瞑想

寝ながらできる瞑想・マインドフルネス!ボディスキャンのやり方とその効果をご紹介!


皆さんは瞑想をやってみたことはありますか?


経験がある方はどのような姿勢で瞑想を行なったことがありますでしょうか?


また、経験がない方は瞑想はどのような姿勢で行われるイメージがありますでしょうか?


瞑想について調べたことがある方でしたら、ご存知かもしれませんが、実は瞑想はさまざまな種類があり、それぞれ効果ややり方、姿勢も異なることがあります。


例えば、あぐらをかいたり、座禅を組んだり、身体を動かしながら行うものまでさまざまです。


今回はそんな多種多様な瞑想の中でも、もし効果があるならできるだけ楽な姿勢、特に横になった状態でできるものがあれば嬉しい、という思いを抱える方におすすめのボディスキャンという瞑想をご紹介していきます。



ボディスキャンとは


多くの人にとって、ストレスは精神的・感情的な症状だけでなく、身体的な症状ももたらします。

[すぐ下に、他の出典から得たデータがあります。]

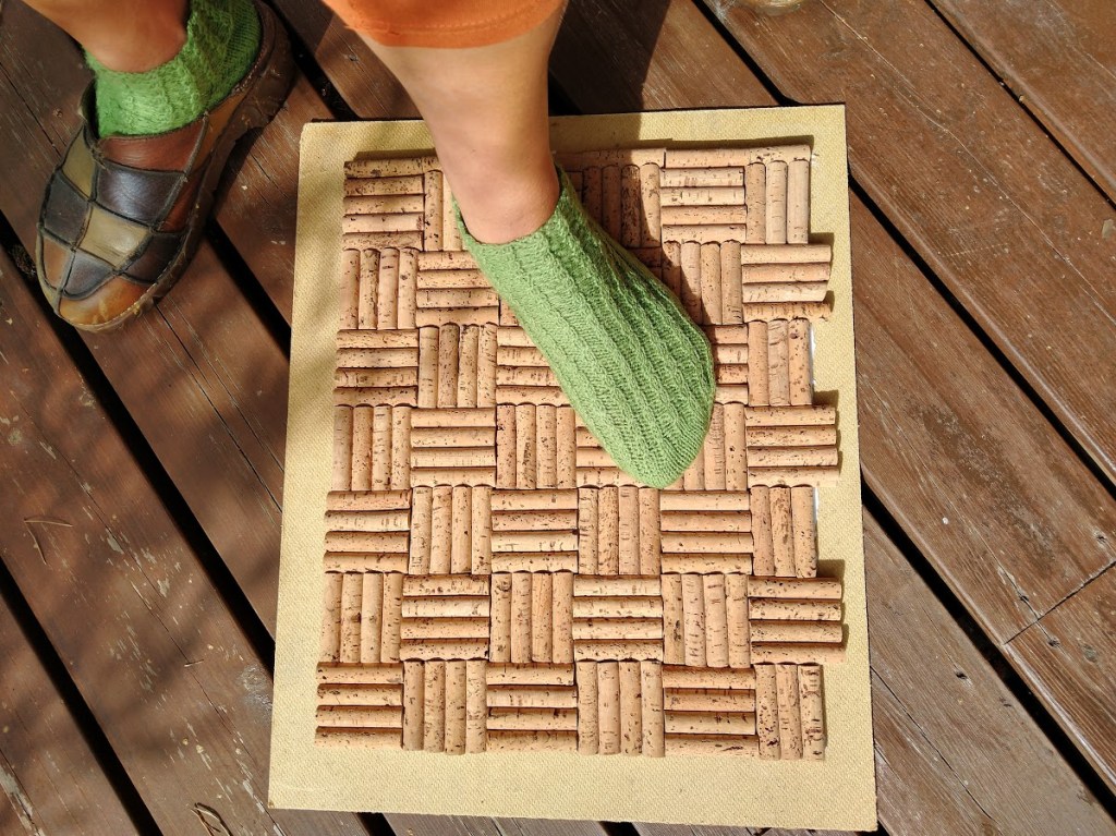 Mihin sinä käyttäisin näitä korkkeja? Korkkipinta tuntui hyvältä myös jalan alla, mutta tuskin lattiaa lopuista teen. Korkkeja on vielä hurjasti jäljellä, vaikka toinen muistitaulu on jo työnalla. Ideoita siis kaipaan!

頭痛、腰痛、胸焼けなどは、ストレスに関連する病気の一例です。


頭痛や背中の痛み、胸焼けなどは、ストレスに関連した症状の一例です。


実際、ストレスにとらわれていると、身体の不調が感情的な状態と関連していることに気づかないことがあります。


そんなときには、自分の体の状態を確認できるボディスキャン瞑想が効果的です。


ボディスキャンは、マインドフルネス瞑想を始める際に最も効果的な方法の一つとも言われています。


ボディスキャンの目的は、自分の身体に意識を向けること、つまり自分の身体とのつながりを取り戻し、自分が感じている感覚に判断を下さずに気づくことです。


ボディスキャンは多くの人がリラックスできると感じますが、リラックスが第一の目的ではありません。


ボディスキャンの目的は、心を鍛えて感覚をよりオープンにし、気づきを得て、最終的にはより受け入れることです。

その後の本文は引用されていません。